Moriko is one of the first genin to stumble out into blistering heat, her green yukata flowing easily with her movement. There is nothing but home on her mind now.

" _Rikoooo-chaan!"_

Her feet halt and twist on their own accord. They know better to ignore that voice, and she nods to the boy and his parents in the shade of a building. A joyous shout congratulates her on her newest accomplishment while a gruff palm ruffles her dark hair. "You should join us for dinner, Moriko," Chiyo's soft spoken son suggests. When Moriko thinks of Chiyo, she only recalls a crazy, crass lady who frequently visits her and her father's apartment with threats to make him her pupil again. In reality, Moriko knew the old lady was just concerned over her father's health with her knowledgeable experience with dealing with him as his first senses. To this day, she marvels over how her father had ever exactly survived in a squad with Crazy Chiyo and Misao.

But at the moment, she just wants to protest, their home contained more than enough personalities to intrude upon, but the wife is exuberant and has never taken her no as an answer. She places a hand on her back and guides their group towards an older street full of aging buildings and quiet bustling. "Congratulations on graduating too, Sasori." Moriko quietly says, his mother talks loudly enough to only spare their exchange a grin. Moriko is all levels of surprised that her father had been in a squad with this woman and lived to tell the tale.

The boy dips his head in acknowledgement and resumes listening to his father's chatter about the newest advancements in the puppet corps, a division created by his own mom. "Frightening things, really."
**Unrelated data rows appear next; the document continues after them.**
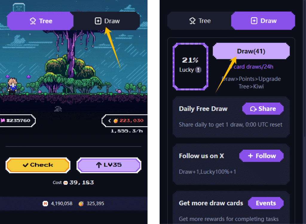 打开任务链接,找到游戏【Kiwi Tree】,点击游戏页面内的【Draw】进行抽卡。
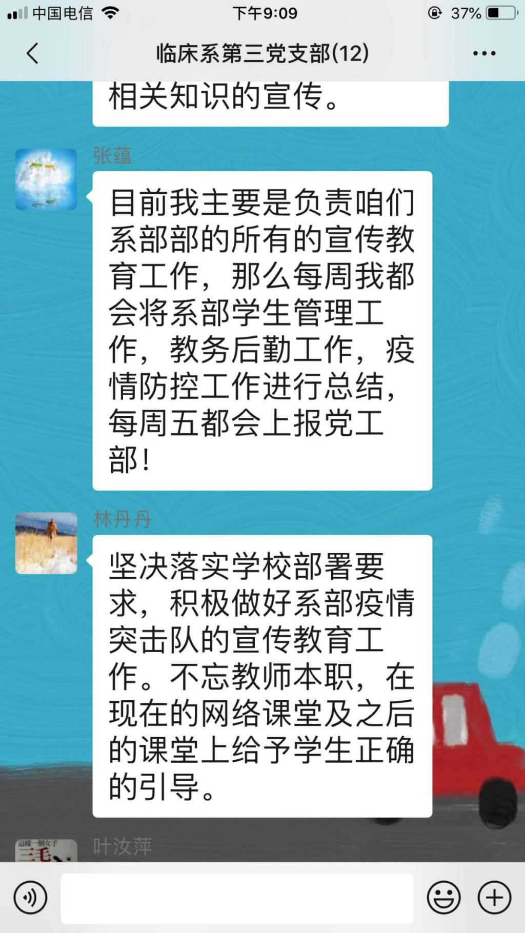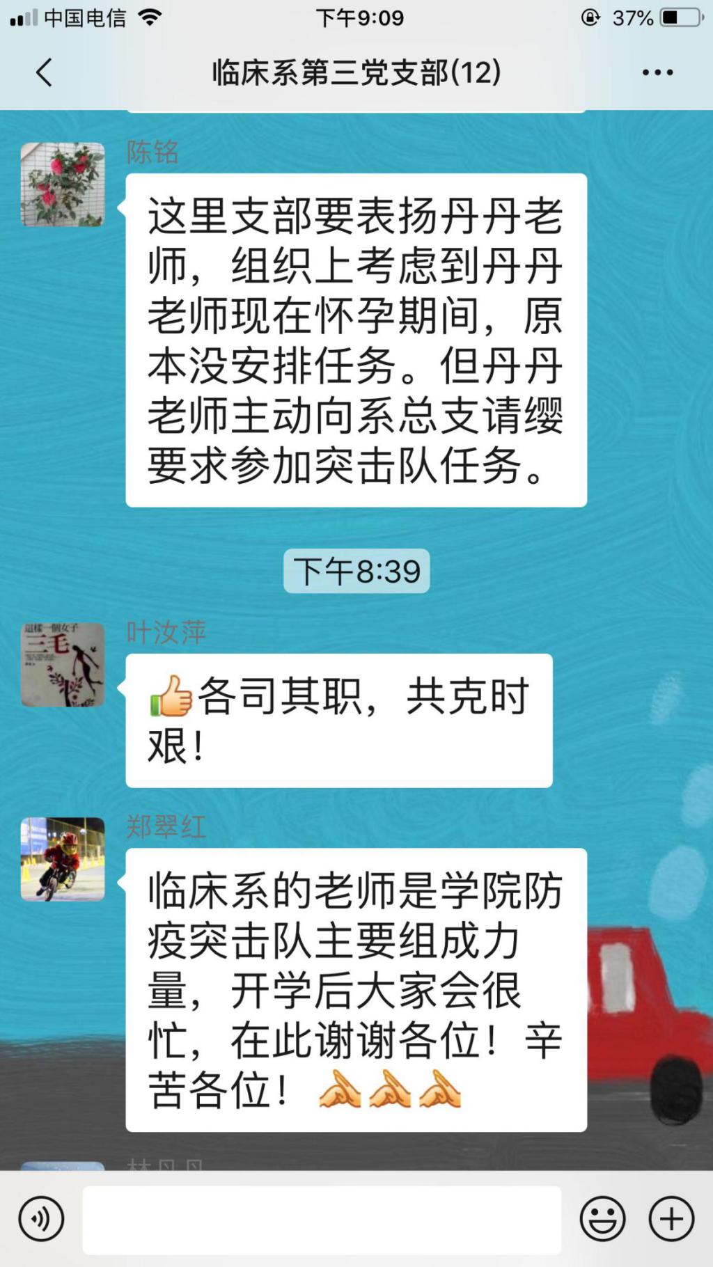 通過認真學(xué)習(xí),與會的黨員同志們紛紛表示,作為教師黨員也作為防疫突擊隊的成員,會密切關(guān)注疫情變化,關(guān)注學(xué)生動態(tài)及身體情況,對學(xué)生做好宣傳教育工作,積極投身于防疫工作中。同時,不忘教師本職,精心備課,利用網(wǎng)絡(luò)課堂教學(xué),做到“離校不離教、停課不停學(xué)”。鄭翠紅副校長還指出,臨床系老師是學(xué)院防疫突擊隊主要組成力量,讓我們同心聚力,打贏防疫阻擊戰(zhàn)!
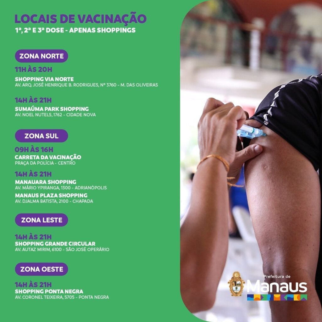 A campanha de vacinação contra a Covid-19 segue neste domingo (12) em sete pontos de Manaus. Postos estão funcionando nos shoppings centers da capital amazonense e a carreta de vacinação está estacionada na na Praça da Polícia, no Centro da cidade, funcionando até às 16h. No shopping ViaNorte, na zona Norte, a vacinação vai até às 20h, e no Sumaúma Parque e nos outros centros de compras o atendimento vai até às 21h.
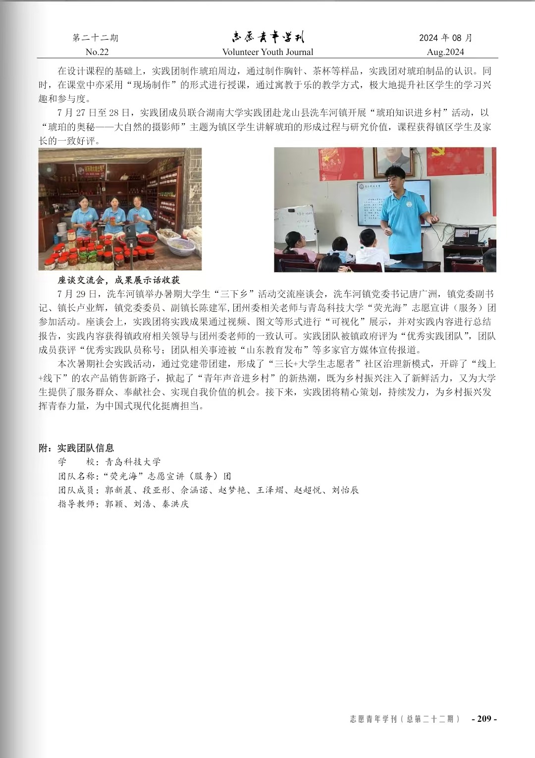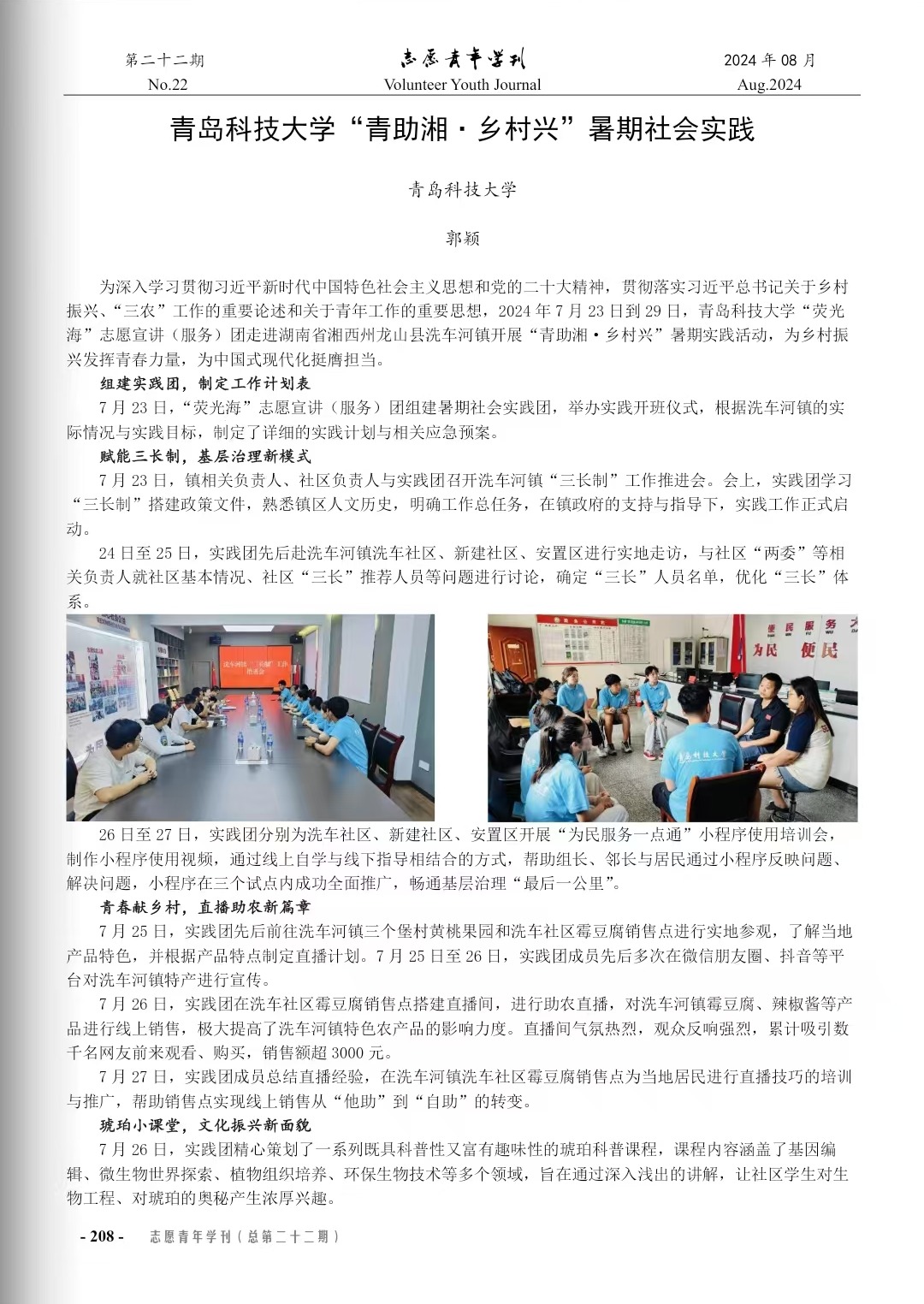 近期,由《志愿青年学刊》编辑部开展的2024年暑期“三下乡”社会实践专刊(上辑-活动纪实;2024年8月刊;总第二十二期)征稿审稿录用工作已完成。生物工程学院由刘浩、秦洪庆、郭颖老师指导的《MILE米乐集团“青助湘·乡村兴”暑期社会实践》一文通过编委会审核,已于《志愿青年学刊》2024年暑期“三下乡”社会实践专刊(上辑-活动纪实)发表。

"I like them enough," Sasori admits, glancing at Moriko. He has only been to her house twice, and both times, took company with her father's puppets rather than her. Her, who dislikes anything with vacant stares and abysmal mouths.

"Boys and their dolls," Misao jeers, she places a hand on the girl's shoulder and steers her towards the kitchen. "We'll cook dinner while you two keep up that boring conversation, okay?" she says, laughing at her son's frown and husband's rolling eyes.

Their home is three stories large and all degrees of welcoming. The kitchen counter is littered with various ingredients which Misao instructs her to sort through. vegetables on the left, condiments next t them, and anything else on the right. Moriko is diligent as Misao keeps up a steady speech about her neighbors and Chiyo's latest trouble. "Sasori may be a year older than you and had graduated from a different class, but you two can still be in the same squad if you want."

Moriko's large eyes blink. Misao grins, "I know my son - he's as stuck up as they come, but he likes you well enough, and," she pauses, a mother's fondness creeping into her expression. It makes Moriko itch in her seat, but she remains listening to the woman's words. "It would be wonderful to see the new generation of the Izusao squad, wouldn't it?" Izusao. Misao and Izumo, her father. They never talk about the other person in their three man cell, but Moriko has spied his face in countless photographs to understand that he had not been as fortunate as his two comrades in the shinobi life.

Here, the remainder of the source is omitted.